I don't know much about tree frogs, so I don't have much to comment about them, but I would think that tree frogs should be able to tolerate lower than ideal temperatures (for tree frogs) much better than newts would tolerate higher than ideal temperatures (for newts).

I've kept guppies with eastern newts before. I have read many comments about how much fish stress out newts and generally live in 'fish-less ponds'. I've found that newts will stalk, and endlessly follow guppies. My only issue was that if the newts don't eat the babies the guppies multiply too fast and start making twezer feeding a necessity for the newts to get food before the guppies swarm in. They were feeder guppies so my ACF tank go some live snacks once they became too much of a nuisance. As for fish-less pond, I honestly don't know if those exist in the US, and I have personally found newts consistently in ponds and lakes with large populations of aggressive predatory fish. One pond in particular has several species of predatory fish in decent numbers while still having a huge newt population.

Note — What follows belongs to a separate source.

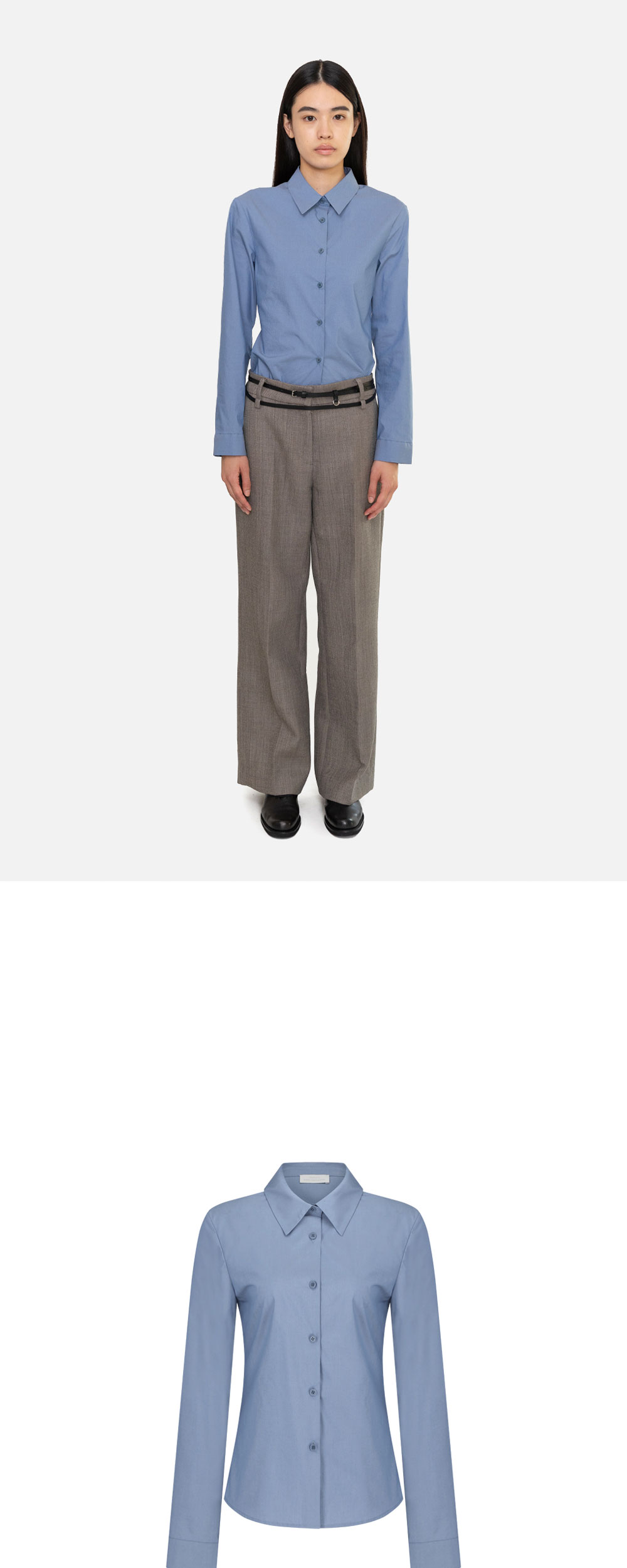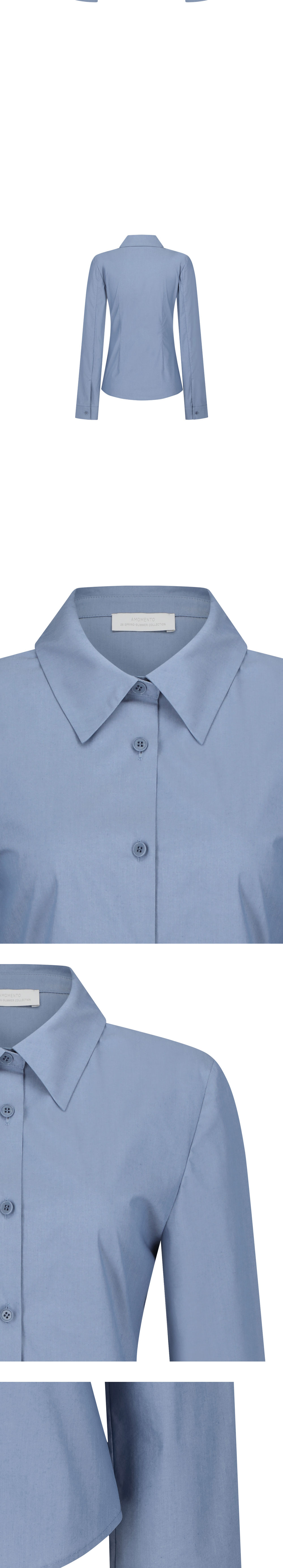 아모멘토 우먼 슬림 셔츠 블루입니다. - 탄탄한 소재감과 다양한 컬러감 - 스티치를 최소화한 미니멀한 디자인 - 다트 디테일을 통한 슬림한 실루엣 표현 - 단독 또는 레이어링 아이템으로 활용 가능 *모델 스펙: 177cm 0 Size 착용

Corey, you seem set on keeping the tree frogs with the newts, so I'm going to try to give you some constrictive advise under that premise (I think the other users have the species mixing covered as it pertains to the tree frogs and I agree, but they've already covered that). I would urge you to try to keep the water temperature at least around or under 75F which is the max recommended for eastern newts. I think mid to low 70s is considered the 'night time' temp for some tree frogs which isn't ideal for them as an all day temp, but I think it being a little colder for the frogs is better than consistently stressing out the newts with temps above their long-term tolerance. As for your question regarding plants, whatever grows and is healthy in your tank will be good for your newts. I would suggest getting a small portion of plants coined as being easy to grow and see how they do. Some plants that I think would be good starter plants are: hornwort, anacharis, frogbit, or water sprite. Once you have a little success getting any of those to grow and get established then you can try adding other plants that you like, but do your research about what those plants require. The ones I listed should do ok under a variety of conditions.
 
Fish less ponds do exist naturally, or bodies of water in general. Most Ambystoma species (Also a few others, Notophthalmus for example) breed in ephemeral ponds, which dry in the summer. Sphagnum bogs typically lack fish as well, and newts can handle more water issues (Draining, lower amount of plants to lay eggs, fishermen, ect) than fish, even though they have their limits as well
 
Heat is almost never necessary with any caudates unless you are at risk of freezing. Your temps are far from ideal, anytime going above 70F for prolonged periods increases the risk of infections and other problems. You say that the heat lamp does not increase the temp of the water which cannot possibly be true; you are heating a small environment in a room thats already too hot. Species mixing is also another no-no and while no negative effects are obvious to you that doesn't mean they do not exist. Stubbornly insisting that its fine instead of just ponying up $20 for another 10 gallon tank to keep both your frogs and newts properly is a bad way to go.
 
You're right Xavier, there are vernal/temporary ponds, bogs and similar acid bodies of water. I was making that comment thinking about permanent ponds/lakes. I was just trying to point out that fish and newts coexist a lot in nature, at least with eastern newts in northeast US. But it is harder to do so in an aquarium environment that is infinitely smaller than any situation in nature.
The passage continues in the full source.